Predicting Hydroxyl Mediated Nucleophilic Degradation and Molecular
Stability of RNA Sequences through the Application of Deep Learning Methods
- URL: http://arxiv.org/abs/2011.05136v3
- Date: Sun, 26 Sep 2021 16:42:24 GMT
- Title: Predicting Hydroxyl Mediated Nucleophilic Degradation and Molecular
Stability of RNA Sequences through the Application of Deep Learning Methods
- Authors: Ankit Singhal
- Abstract summary: This paper proposes and evaluates three deep learning models as methods to predict the reactivity and risk of degradation of mRNA sequences.
The Stanford Open Vaccine dataset of 6034 mRNA sequences was used in this study.
Results suggest these models can be applied to understand and predict the chemical stability of mRNA in the near future.
- Score: 0.0
- License: http://arxiv.org/licenses/nonexclusive-distrib/1.0/
- Abstract: Synthesis and efficient implementation mRNA strands has been shown to have
wide utility, especially recently in the development of COVID vaccines.
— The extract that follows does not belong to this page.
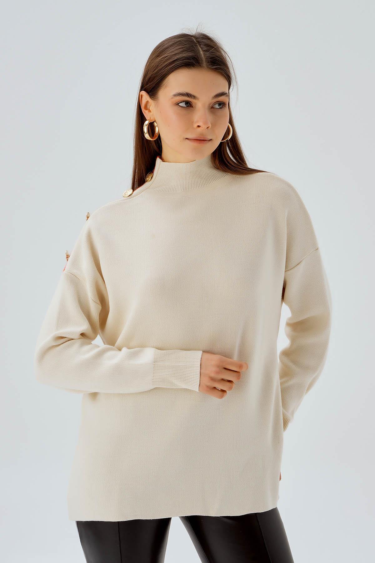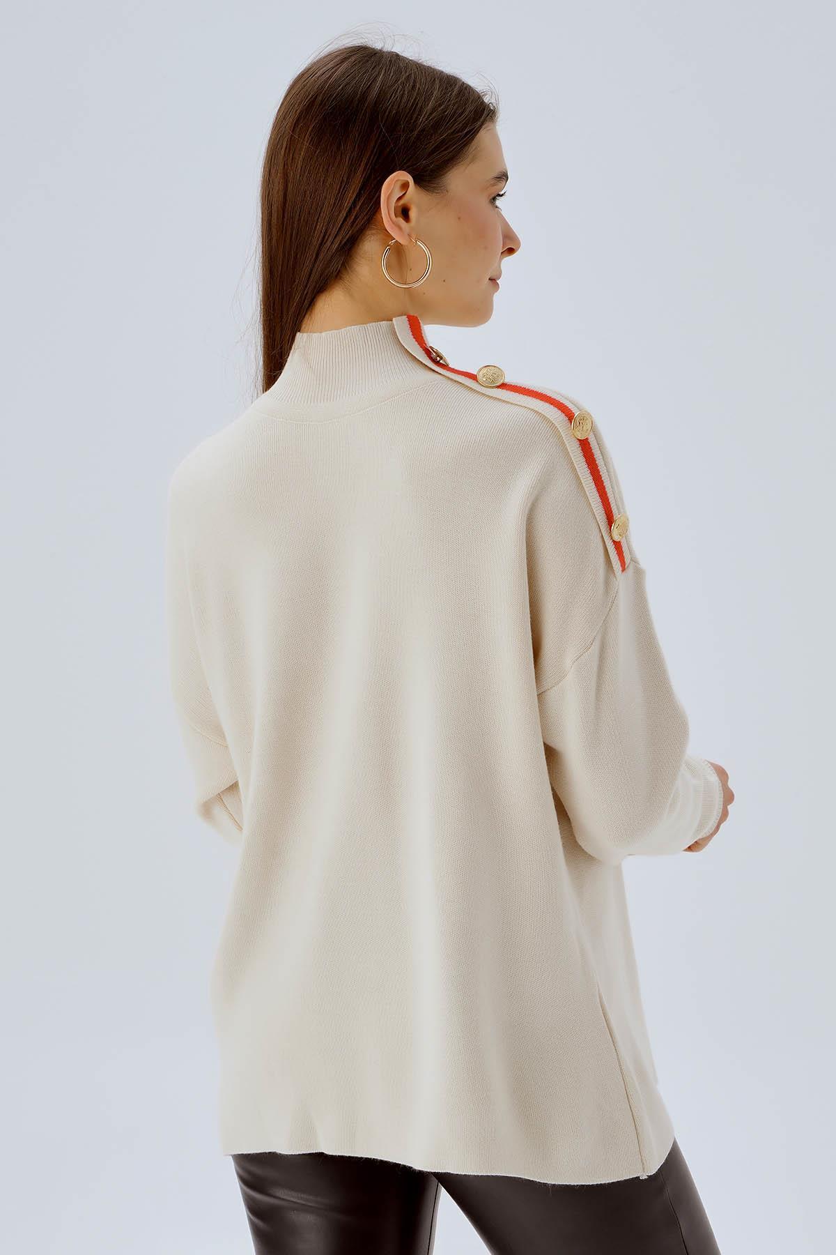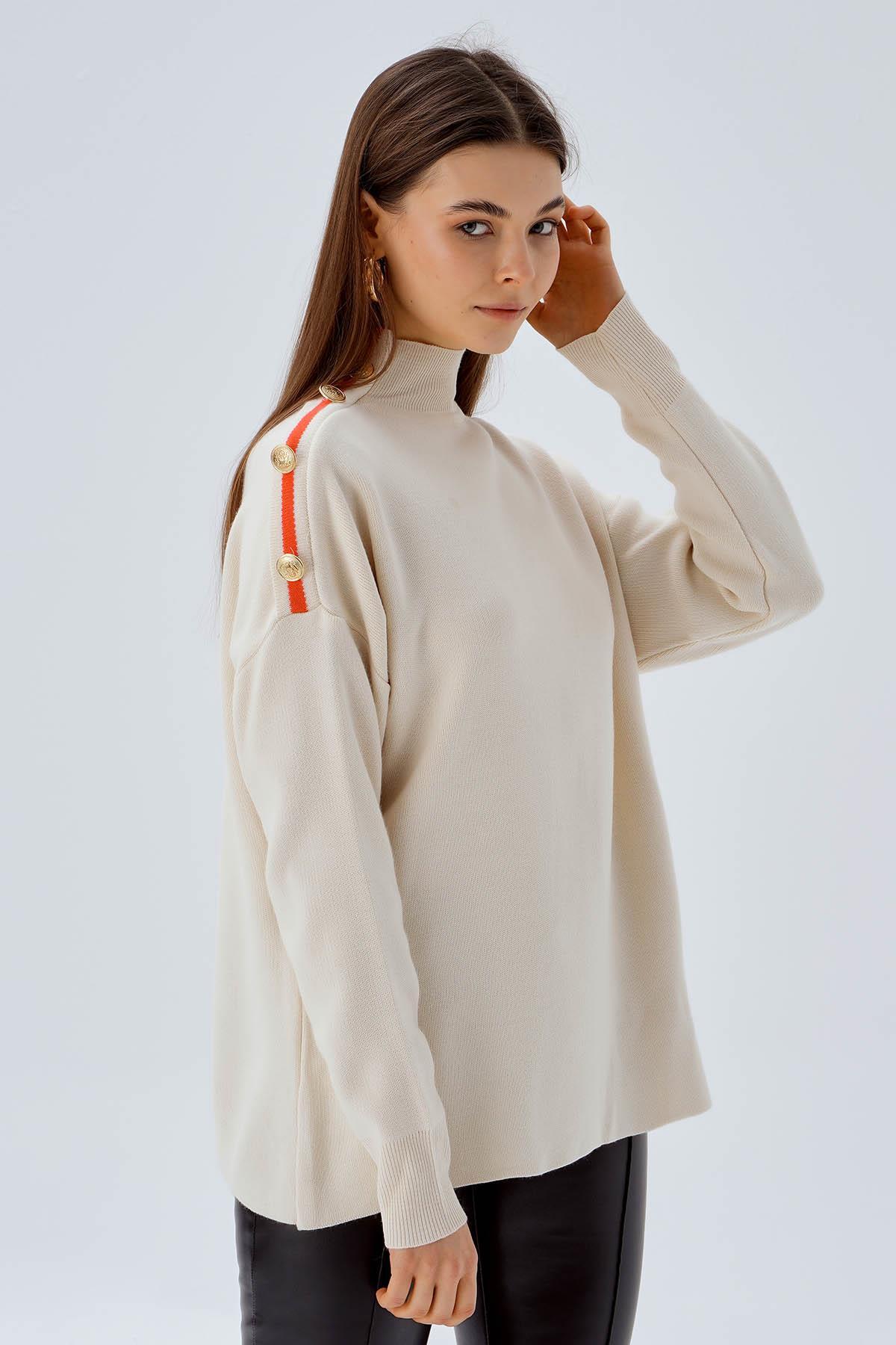 Ekru Omuz Şerit Detay Düğmeli Kazak 3075

However, the intrinsic chemical stability of mRNA poses a challenge due to the
presence of 2'-hydroxyl groups in ribose sugars. The -OH group in the backbone
structure enables a base-catalyzed nucleophilic attack by the deprotonated
hydroxyl on the adjacent phosphorous and consequent self-hydrolysis of the
phosphodiester bond. As expected for in-line hydrolytic cleavage reactions, the
chemical stability of mRNA strands is highly dependent on external
environmental factors, e.g. pH, temperature, oxidizers, etc. Predicting this
chemical instability using a computational model will reduce the number of
sequences synthesized and tested through identifying the most promising
candidates, aiding the development of mRNA related therapies. This paper
proposes and evaluates three deep learning models (Long Short Term Memory,
Gated Recurrent Unit, and Graph Convolutional Networks) as methods to predict
the reactivity and risk of degradation of mRNA sequences. The Stanford Open
Vaccine dataset of 6034 mRNA sequences was used in this study. The training set
consisted of 3029 of these sequences (length of 107 nucleotide bases) while the
testing dataset consisted of 3005 sequences (length of 130 nucleotide bases),
in structured (Lowest Entropy Base Pair Probability Matrix) and unstructured
(Nodes and Edges) forms. The stability of mRNA strands was accurately
generated, with the Graph Convolutional Network being the best predictor of
reactivity ($RMSE = 0.249$) while the Gated Recurrent Unit Network was the best
at predicting risks of degradation ($RMSE = 0.266$). Combining all target
variables, the GRU performed the best with 76% accuracy. Results suggest these
models can be applied to understand and predict the chemical stability of mRNA
in the near future.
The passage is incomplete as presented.